Our study illustrates how recent developments in population genetics allow insights into demographic and population history. Records on linguistics, cultural anthropology and demography describe the Gypsies as a population with Indian origins, with an initial exodus into Byzantium Empire dated approximately to the eleventh century, and a subsequent dispersal throughout Europe by the fifteenth century (Figure 3).25, 26, 27, 28, 29 The migration of Gypsies in France took two routes: the first, through the North of Europe, and the second from Persia through North-Africa. Gypsies recognize sub-populations among themselves based in part on territorial, cultural and dialect differences. The main branches in France are the Gitans, mostly in Southern France (Spain had been for a long time their favored country); and the Manouches, cousins of the Sinties (who stayed in Germany), who bear Germanic names.10, 11, 15

Figure 3
figure 3

Origin of the French Gypsy mutation. Origin of Gypsies , European migration in Balkans , migration in Germany , introduction of the French Gypsy mutation in France and founder effect .

On the basis of our results, it is possible to infer the migration history of these Manouche families in France (Figure 3).
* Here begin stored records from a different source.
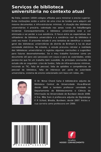 Na Índia, existem 16500 colégios afiliados para ministrar o ensino superior. Estas instituições estão a sofrer de uma crise de fundos para adquirir até mesmo documentos e infra-estruturas mínimos. A situação das bibliotecas universitárias é precária, sobretudo nas zonas rurais da Índia/Bengala Ocidental. Consequentemente, a biblioteca universitária está a ser eliminada e vai perder a sua existência. O fosso entre as expectativas dos utilizadores da biblioteca universitária e a existência real da biblioteca é cada vez maior. O presente estudo é uma tentativa de identificar o estado geral das bibliotecas universitárias do distrito de Birbhum à luz da atual sociedade eletrónica. No entanto, o estudo procurou retratar a realidade das bibliotecas universitárias e registou algumas conclusões e sugestões para futuros desenvolvimentos. Se o meu trabalho funcionar como um documento útil para a(s) pessoa(s) em causa e para as autoridades, então parece-me que foi um trabalho bem sucedido. As principais conclusões do estudo são as seguintes: crise de fundos, falta de infra-estruturas mínimas, incluindo as TIC, falta de pessoal, falta de aptidões e competências do pessoal da biblioteca, falta de interesse por parte da autoridade universitária, sistema de ensino selecionado com base em notas, etc.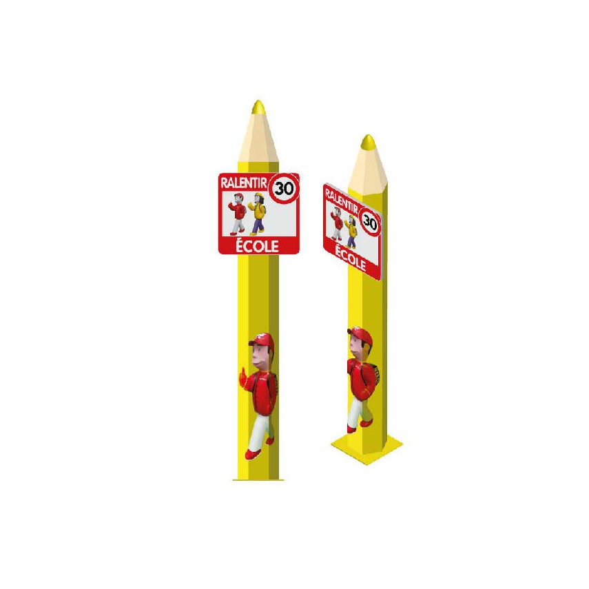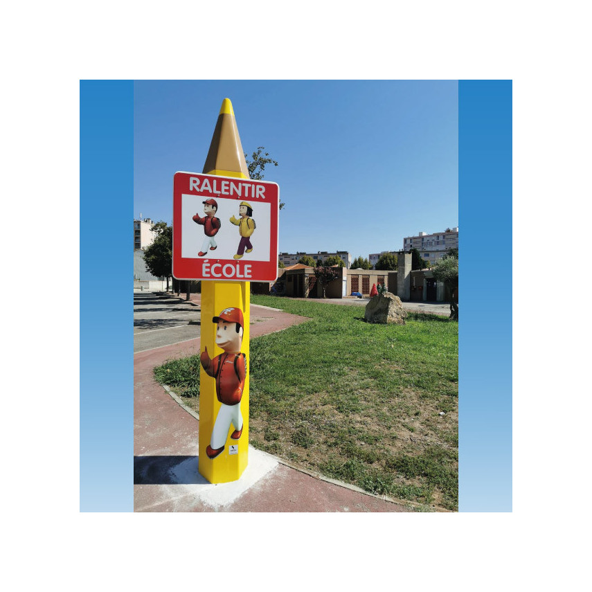Art.-Nr.P9608Machen Sie mit einem 3 m hohen Totem effektiv auf die Anwesenheit einer Schule aufmerksam. Dank seiner retroreflektierenden Buchstaben und leuchtenden Farben ist es Tag und Nacht gut sichtbar. Dieses robuste Produkt aus Verbundmaterial wird vollständig in Frankreich hergestellt.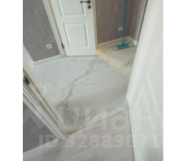Натяжные потолки, пол везде плитка, в комнате ламинат.

It is likely that they moved from Germany to the North of France between the seventeenth and eighteenth century. Our results support a founder effect at that time and that this c.1544+1G>A mutation was brought by one founder (or a small group of related founders). Then, the number of carriers of this mutation increased within the Alsace region.6 Limited social interactions occurred between the autochthonous population and the foreigners, because of a strong family history of consanguineous unions and maintenance of family structure. It also seems reasonable to assume that, at the time of the appearance of the mutation, the restricted movements of these Manouche families were linked to favorable local agro-ecological conditions.30 Files from registries of the Alsace region suggest a population well integrated into the local agrarian society.30 The high rate of consanguinity in this isolated Manouche group has resulted in an over-representation of the French Gypsy mutation. For a long time, the movements of these Manouches remained confined within the North of France. Demographic explosion, search of new outlets and also perhaps the taste of adventure pushed the Manouches to disseminate to other regions of France during the nineteenth century, propagating the mutation.30

The results of this study provide additional support to the historical and demographic parameters occurring in these Manouche families. Although our demographic model does not infer a definitive migrational history, this study provides additional insights into Manouche population movements, through the analysis of this founder mutation.